- [Exercise requirements]:
All of the listing below must be repeated word for word. Pictures are the only thing to omit.
━━━ Data below
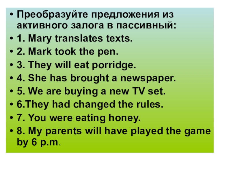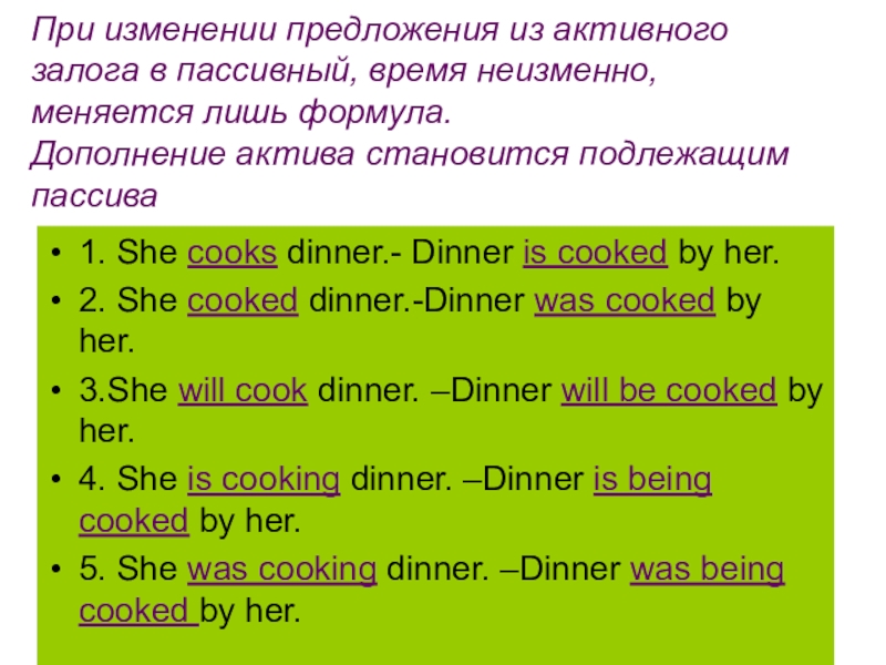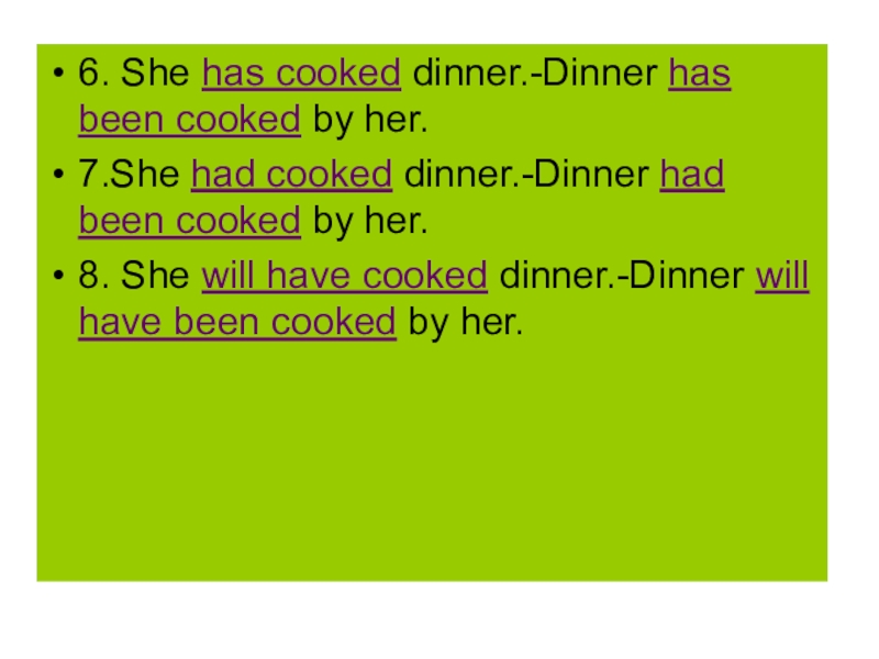 5. She was cooking dinner. –Dinner was being cooked by her.
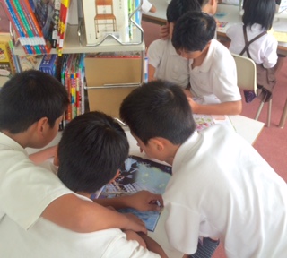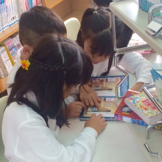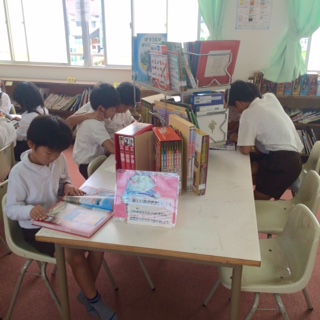 今日の図書館開放の様子です。新しい本のコーナーには、子どもたちがたくさん集まってきます。
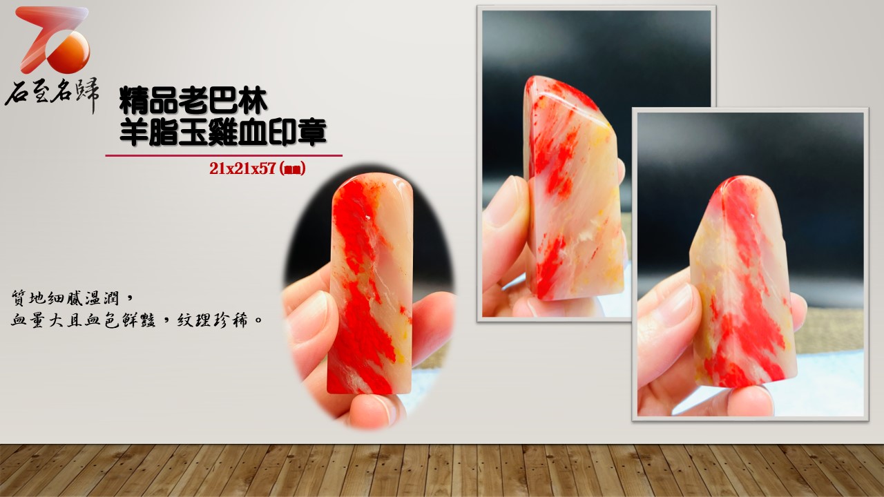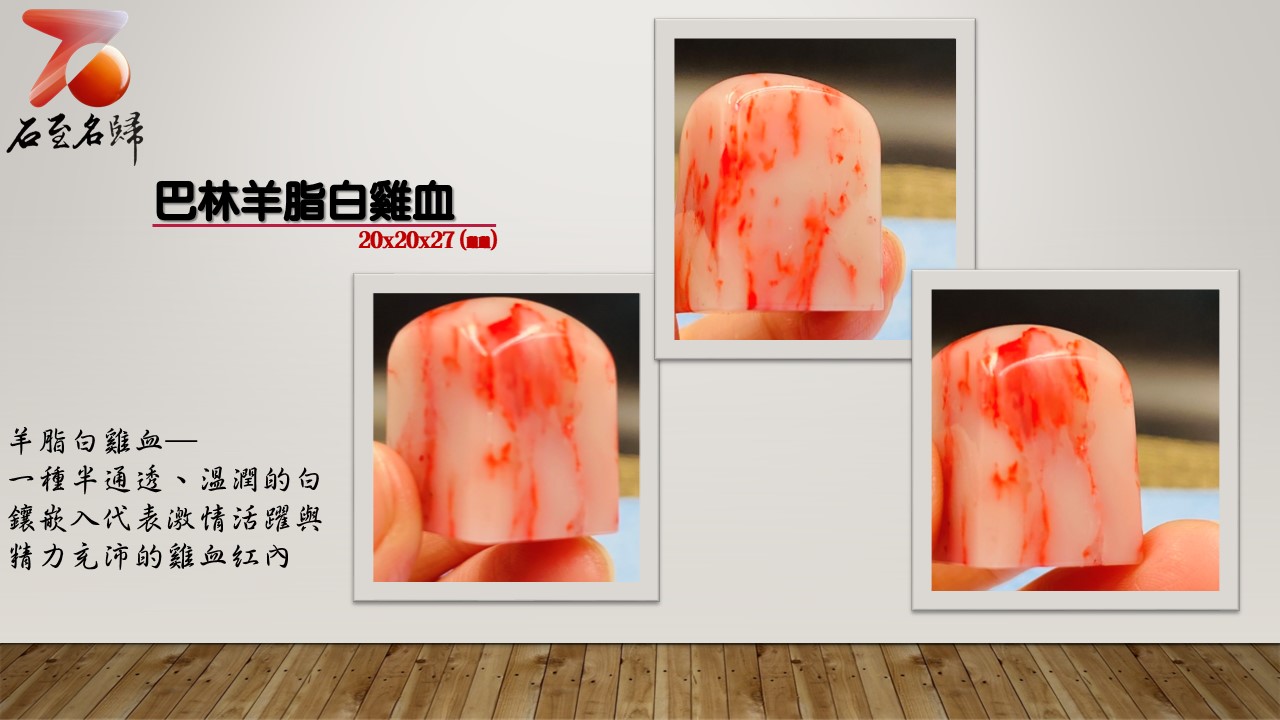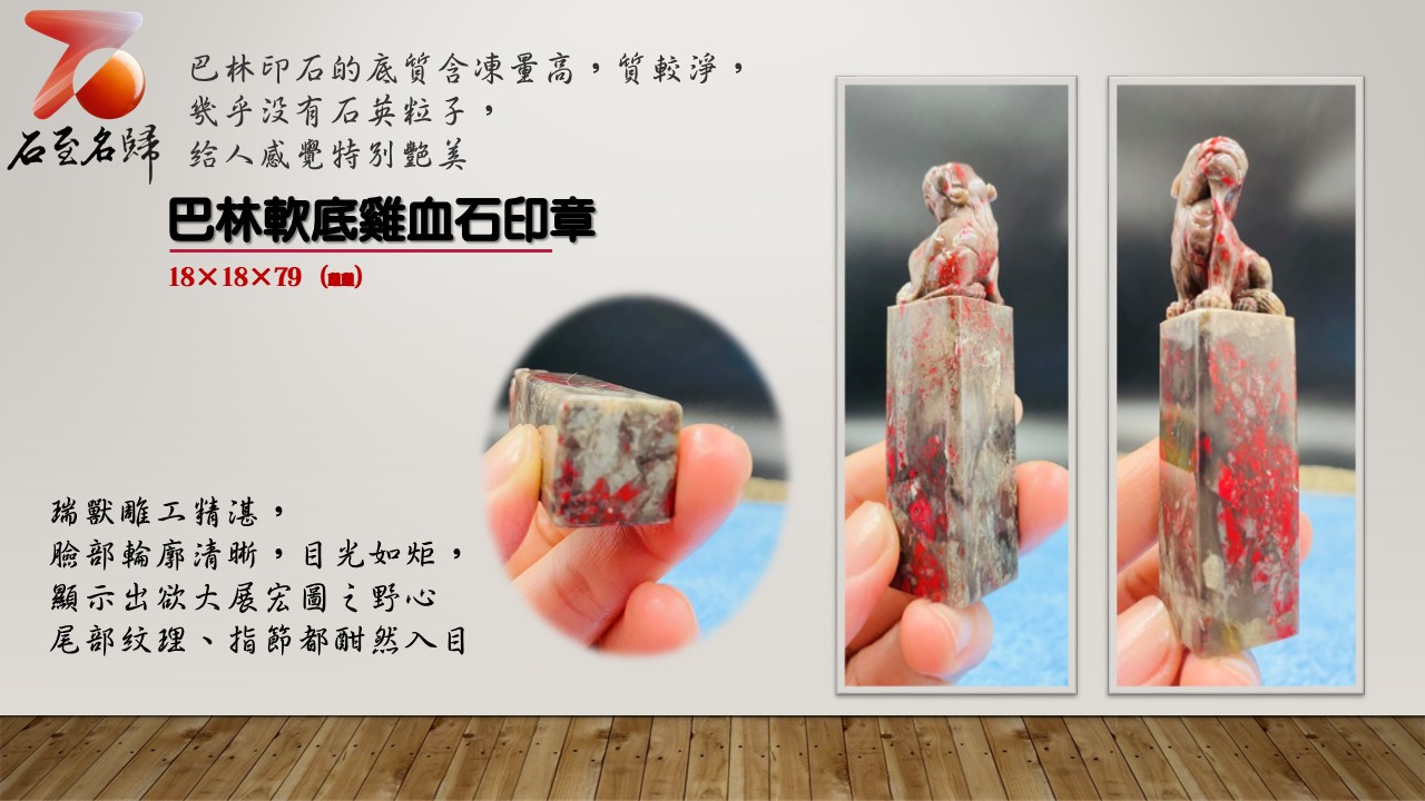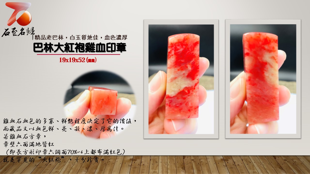 巴林雞血石印章印面1.5x1.5 高6.5公分
━━━━━━
- [Output for this task]:
 5. She was cooking dinner. –Dinner was being cooked by her.
 今日の図書館開放の様子です。新しい本のコーナーには、子どもたちがたくさん集まってきます。
 巴林雞血石印章印面1.5x1.5 高6.5公分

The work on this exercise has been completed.